The puncture marks on his torso were still leaking a clear liquid. She pointed.
“Massive blood loss. That liquid dribbling out is more likely to be something they injected into him to stop coagulation. Might be like a sedative or anticoagulant.” She looked up. “Just like mosquitos.”
Mike pulled one of Watts’ eyelids back, but the man’s eyes were rolled up and unresponsive. “He’s lost too much blood. He needs a transfusion.”
“We need to get him out,” Loche said. “We can rig a field transfusion, but not in here.”
Jane looked at Mike, and they shared a glance—they both knew he’d never make it. But they weren’t going to leave him behind.
Mike called to Matt who was looking at a large flat wall covered in writing. He turned to them. “This was a ceremonial chamber once. Like a chapel. The king’s name, the last king, was Usan The Great.” Matt shook his head. “Except for these kids, they’ve all gone now.”
“Give me a hand,” Mike said and lifted Watts.
Matt took his other arm. The man weighed next to nothing and felt more like a bag of twigs. He sagged between them, his feet dragging.
Loche looked back down the tunnel. “We find Nina and her team, and then head to that cave with the draft.”
“After we rescue the children.”
“We don’t have…” Loche began.
“We make time,” Jane insisted. “You want us to find the other red people, after we left some of their children behind? We bring the children, that’s final.”
“She’s right,” Mike urged. “We get them. They saved us once.”
Loche exhaled. “Okay, fine, we get them. Then we find a way out, or we make a way out.” Loche went to the exit and peered out. “Let’s go.”
He moved quickly but not fast enough to leave the rest behind.
“Hear that?” Matt called.
The whine filled the air, coming from behind them, ahead of them, and inside every alcove around them.
“Yeah, seems like the jungle drums are beating. We might have a lot of company real soon,” Loche replied.
In minutes more, they came to the junction and Watts made a wheezing sound and sagged even more between the two men. Loche turned back, drew his blade, and made an ‘X’ next to the cave they had felt the earthy breeze emanating from.
He then quickly stepped in closer to Watts and lifted his head. He examined the man closely for a few seconds before his shoulders slumped. “Ah, damnit.”
Jane also checked him. “We’ve lost him.”
“He was already dead,” Loche sighed. “Put him down,” he said to Matt and Mike, who laid the desiccated body of the man on the cave floor.
Loche crouched in front of him. “Thank you, soldier.” He reached into the man’s collar, took his tags, and wrapped them around his fist. He saluted the body and then got to his feet and turned. “We need to find…”
From one of the tunnels came the staccato blasts of automatic gunfire.
“That’s Nina.

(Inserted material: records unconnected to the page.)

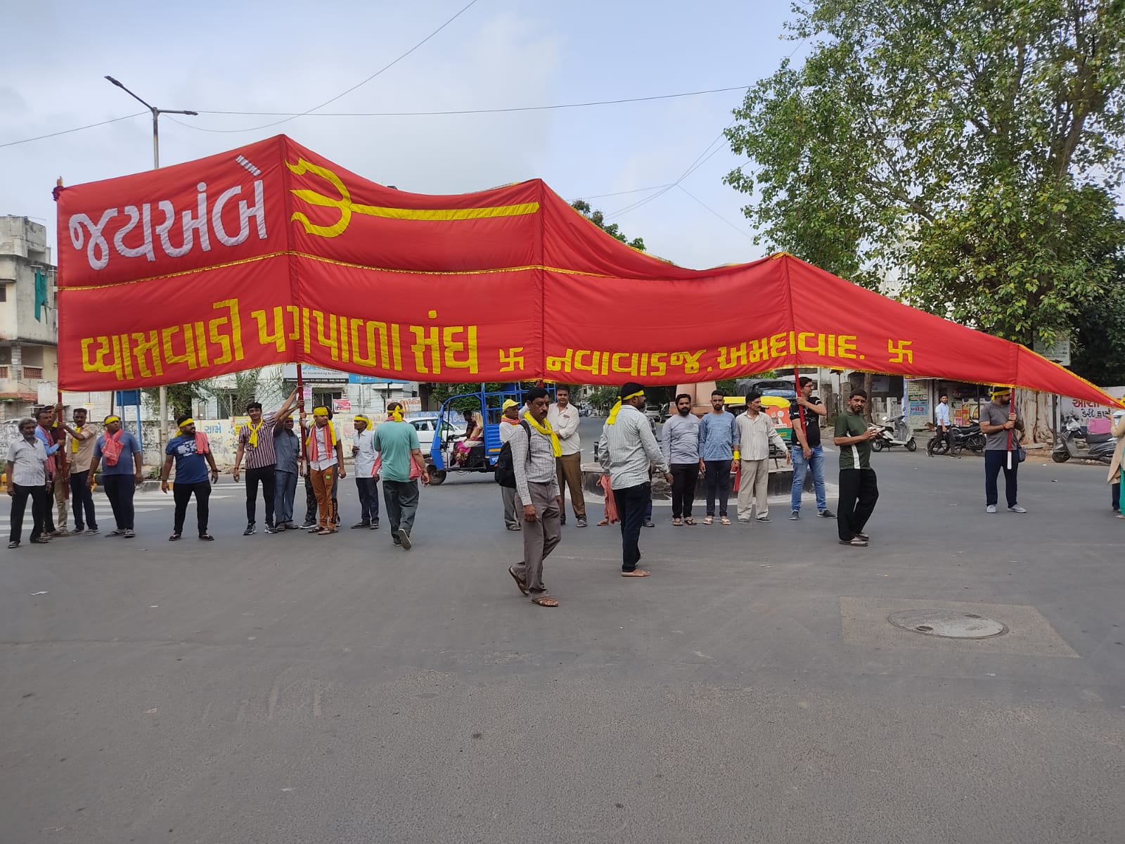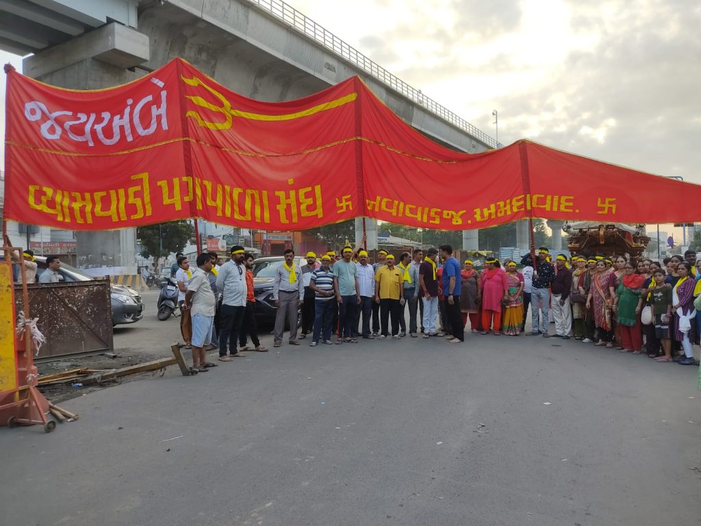 गुजरात के अहमदाबाद के नवा वाडज में व्यासवाडी पैदल संघ आशीषभाई शर्मा और राजूभाई पटेल की योजना और समन्वय समिति के माध्यम से, पिछले 29 वर्षों से लगातार हर साल 52 गज के ध्वज के साथ अंबाजी में माता रानी के दर्शन के लिए आयोजन कर रहा है। आज यह संघ आरती और गरबा के साथ अंबाजी के लिए रवाना हुआ। इस संघ में जुड़े करीब 130 सदस्य पैदल अंबाजी पहुंचते हैं और माता की उपस्थिति में ध्वज को चढ़ाया जाता है। कोरोना के कठिन समय में भी इस संघ ने लगातार 52 गज के ध्वज को मातारानी के मंदिर पर चढ़ने की परंपरा को कायम रखा है। मातारानी के लाखों भक्त भादरवी पूनम में माँ अम्बा के दर्शन करेंगे और अपने आप को धन्यता महसूस करेंगे। माता रानी आप सब की मनोकामनाएं पूर्ण करें यही प्रार्थना है।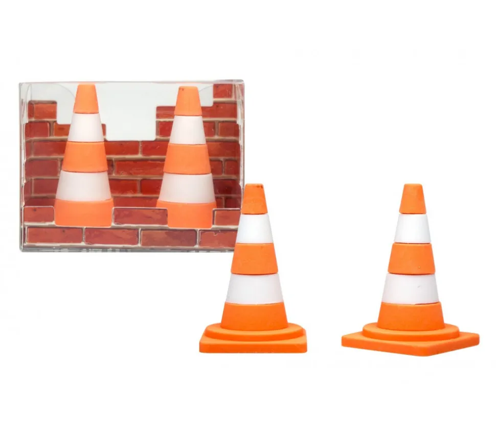 Mini cônes de chantier de 4 cm de haut. Ce set comprend 2 cônes identiques.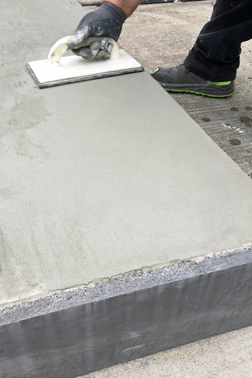 Yet its range of application is broad indeed: It is suitable for both small blemishes and major patching repairs on screed and concrete floors in layer thicknesses from 1 mm to 10 mm, as well as for the repair of steps, stairs, landings and plinths, spalling, cavities and blowholes in one pass with a layer thickness of up to 30 mm. Wall areas too can be filled and patched over large areas with this product.

Hurry.” Loche sprinted into the tunnel ahead.
Mike ran with Jane, and Matt was close behind. Loche was already outpacing them, and just as he passed by the mouth of an open cave, something came out of it like a green torpedo to snatch him off his feet and keep going.
“Loche!” Jane yelled uselessly.
From up ahead in the darkness more gunfire and yells smashed out; they were closer now.
The trio looked indecisive for a split second until Jane started into the cave. “Loche first.”
The trio headed in, both flashlights and guns held up. They moved cautiously, and in seconds more, they heard a grunt of effort and rounded a small bend to find Loche holding one of the green women by the throat. Its face plates were pulled back, the probing spike of a proboscis extended just inches from his face.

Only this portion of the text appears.